Aim of the task: Where a record contains a picture, omit it; otherwise reproduce the listing exactly.

Exercise data:
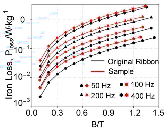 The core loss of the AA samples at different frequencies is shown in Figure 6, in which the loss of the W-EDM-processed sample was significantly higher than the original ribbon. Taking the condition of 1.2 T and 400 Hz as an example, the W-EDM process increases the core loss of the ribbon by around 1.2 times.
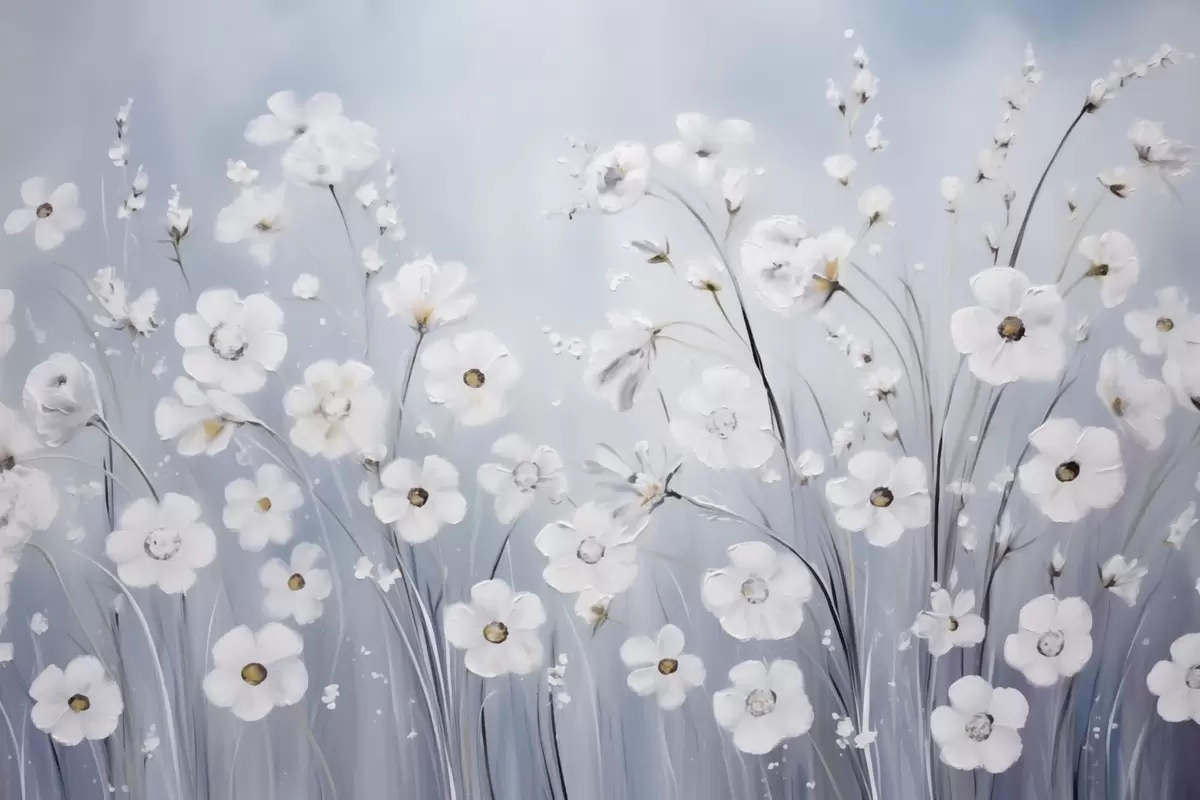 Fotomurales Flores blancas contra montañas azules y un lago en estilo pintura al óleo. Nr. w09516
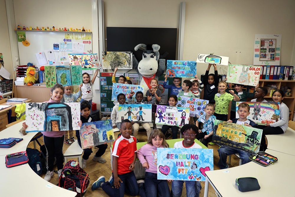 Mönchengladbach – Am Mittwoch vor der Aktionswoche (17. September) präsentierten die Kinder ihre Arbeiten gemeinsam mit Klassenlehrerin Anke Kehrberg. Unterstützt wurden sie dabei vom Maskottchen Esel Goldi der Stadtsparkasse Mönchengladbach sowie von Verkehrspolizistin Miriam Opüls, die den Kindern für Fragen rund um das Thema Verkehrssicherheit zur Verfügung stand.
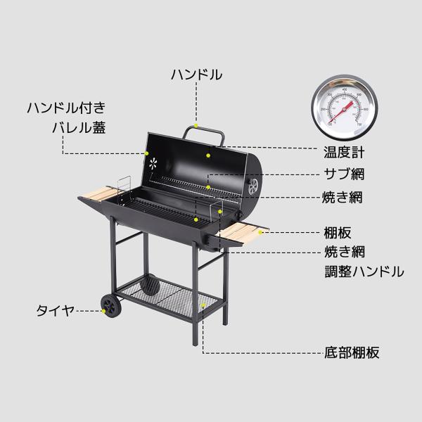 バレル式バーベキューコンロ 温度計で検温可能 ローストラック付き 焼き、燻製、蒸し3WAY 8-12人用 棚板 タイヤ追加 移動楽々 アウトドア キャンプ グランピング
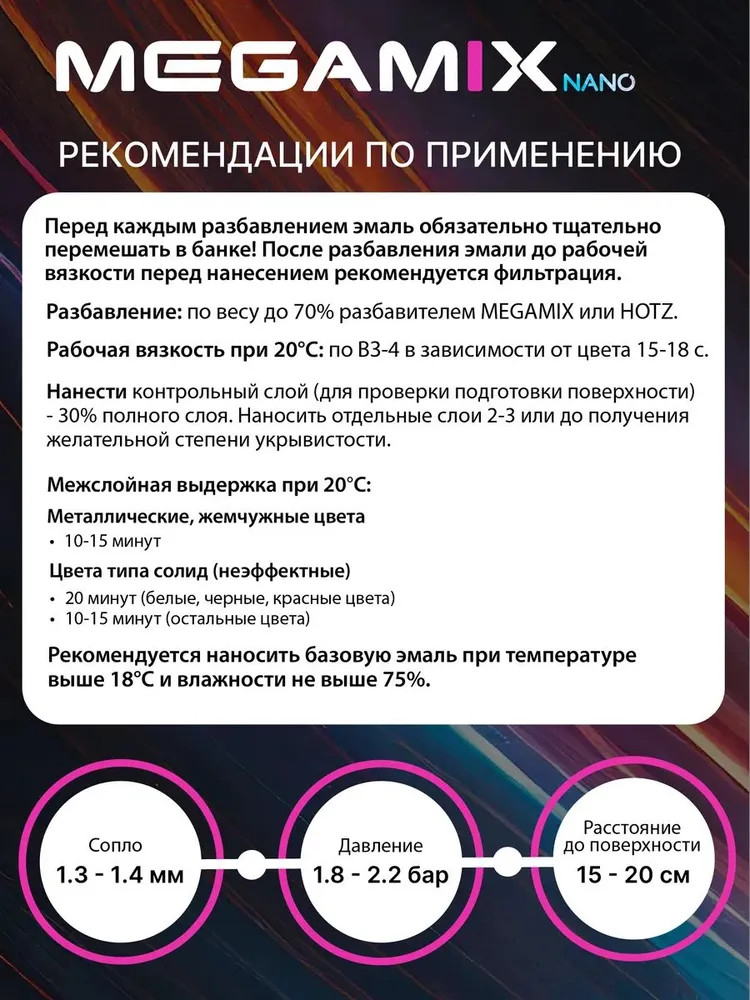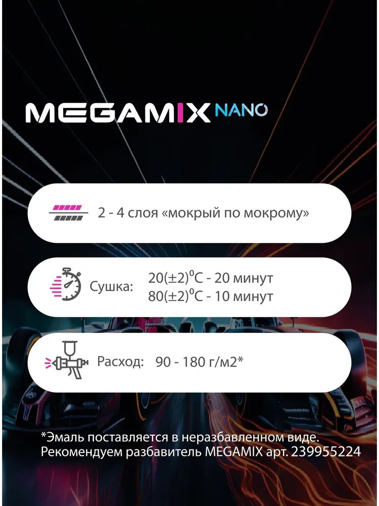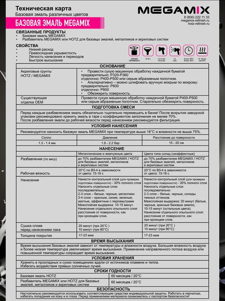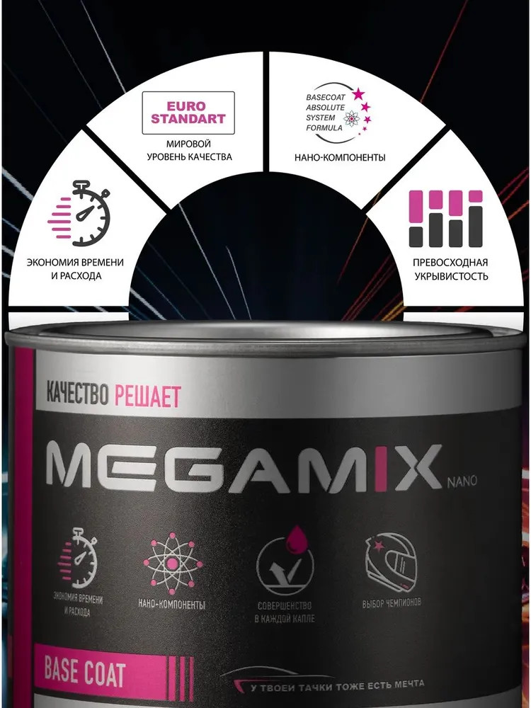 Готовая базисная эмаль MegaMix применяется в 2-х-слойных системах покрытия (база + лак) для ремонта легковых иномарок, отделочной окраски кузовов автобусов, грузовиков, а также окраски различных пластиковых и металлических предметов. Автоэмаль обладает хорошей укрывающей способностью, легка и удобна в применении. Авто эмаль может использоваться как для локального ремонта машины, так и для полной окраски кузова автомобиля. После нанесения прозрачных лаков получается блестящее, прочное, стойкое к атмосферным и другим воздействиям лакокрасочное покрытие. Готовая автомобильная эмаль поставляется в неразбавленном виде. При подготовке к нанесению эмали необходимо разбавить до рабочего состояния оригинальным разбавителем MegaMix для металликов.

Exercise output:
 The core loss of the AA samples at different frequencies is shown in Figure 6, in which the loss of the W-EDM-processed sample was significantly higher than the original ribbon. Taking the condition of 1.2 T and 400 Hz as an example, the W-EDM process increases the core loss of the ribbon by around 1.2 times.
 Fotomurales Flores blancas contra montañas azules y un lago en estilo pintura al óleo. Nr. w09516
 Mönchengladbach – Am Mittwoch vor der Aktionswoche (17. September) präsentierten die Kinder ihre Arbeiten gemeinsam mit Klassenlehrerin Anke Kehrberg. Unterstützt wurden sie dabei vom Maskottchen Esel Goldi der Stadtsparkasse Mönchengladbach sowie von Verkehrspolizistin Miriam Opüls, die den Kindern für Fragen rund um das Thema Verkehrssicherheit zur Verfügung stand.
 バレル式バーベキューコンロ 温度計で検温可能 ローストラック付き 焼き、燻製、蒸し3WAY 8-12人用 棚板 タイヤ追加 移動楽々 アウトドア キャンプ グランピング
 Готовая базисная эмаль MegaMix применяется в 2-х-слойных системах покрытия (база + лак) для ремонта легковых иномарок, отделочной окраски кузовов автобусов, грузовиков, а также окраски различных пластиковых и металлических предметов. Автоэмаль обладает хорошей укрывающей способностью, легка и удобна в применении. Авто эмаль может использоваться как для локального ремонта машины, так и для полной окраски кузова автомобиля. После нанесения прозрачных лаков получается блестящее, прочное, стойкое к атмосферным и другим воздействиям лакокрасочное покрытие. Готовая автомобильная эмаль поставляется в неразбавленном виде. При подготовке к нанесению эмали необходимо разбавить до рабочего состояния оригинальным разбавителем MegaMix для металликов.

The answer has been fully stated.